--- START ---

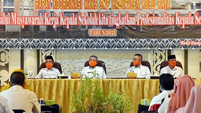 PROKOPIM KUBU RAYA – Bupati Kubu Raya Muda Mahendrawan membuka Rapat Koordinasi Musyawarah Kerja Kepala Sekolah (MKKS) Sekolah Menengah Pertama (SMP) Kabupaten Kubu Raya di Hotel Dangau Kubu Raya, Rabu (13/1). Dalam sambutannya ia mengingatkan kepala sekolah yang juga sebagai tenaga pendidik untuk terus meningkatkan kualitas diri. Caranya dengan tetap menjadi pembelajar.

--- END ---
--- START ---

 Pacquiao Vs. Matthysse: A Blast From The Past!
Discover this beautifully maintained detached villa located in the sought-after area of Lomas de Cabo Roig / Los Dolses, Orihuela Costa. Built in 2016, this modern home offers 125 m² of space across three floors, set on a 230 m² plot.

--- END ---
--- START ---

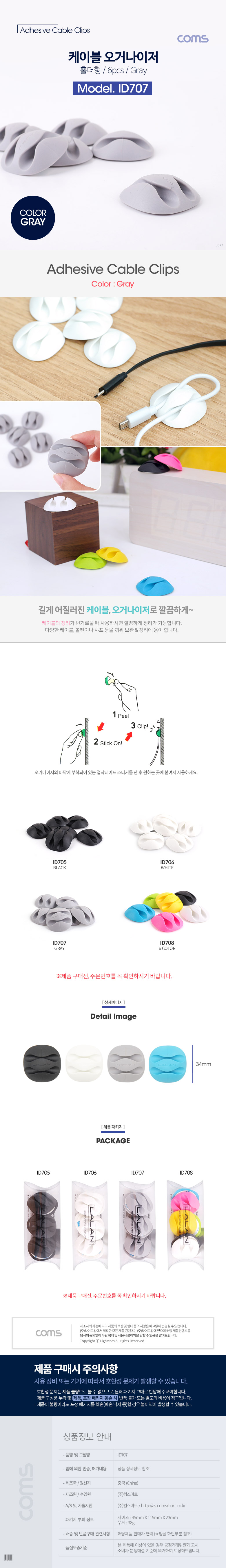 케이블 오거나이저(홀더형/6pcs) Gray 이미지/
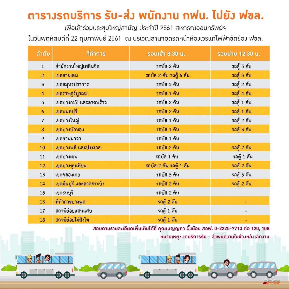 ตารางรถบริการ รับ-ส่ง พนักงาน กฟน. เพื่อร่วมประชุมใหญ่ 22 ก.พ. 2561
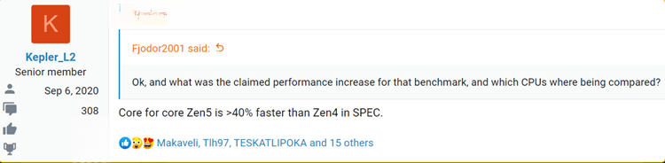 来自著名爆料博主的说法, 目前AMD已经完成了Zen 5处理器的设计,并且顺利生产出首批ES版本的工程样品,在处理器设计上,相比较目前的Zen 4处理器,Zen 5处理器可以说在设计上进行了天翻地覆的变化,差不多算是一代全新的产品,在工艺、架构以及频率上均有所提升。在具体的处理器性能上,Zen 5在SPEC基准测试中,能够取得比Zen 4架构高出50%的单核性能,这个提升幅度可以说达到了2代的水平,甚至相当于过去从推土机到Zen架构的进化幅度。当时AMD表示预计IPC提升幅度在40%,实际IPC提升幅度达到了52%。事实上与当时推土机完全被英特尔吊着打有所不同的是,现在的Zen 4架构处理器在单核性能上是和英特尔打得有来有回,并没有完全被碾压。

--- END ---

Task details — Could you write out, exactly as they stand, only the lines above that begin at the line with "Pacquiao Vs. Matthysse: A" and stop after the line with "Discover this beautifully"?

Exercise output —
 Pacquiao Vs. Matthysse: A Blast From The Past!
Discover this beautifully maintained detached villa located in the sought-after area of Lomas de Cabo Roig / Los Dolses, Orihuela Costa. Built in 2016, this modern home offers 125 m² of space across three floors, set on a 230 m² plot.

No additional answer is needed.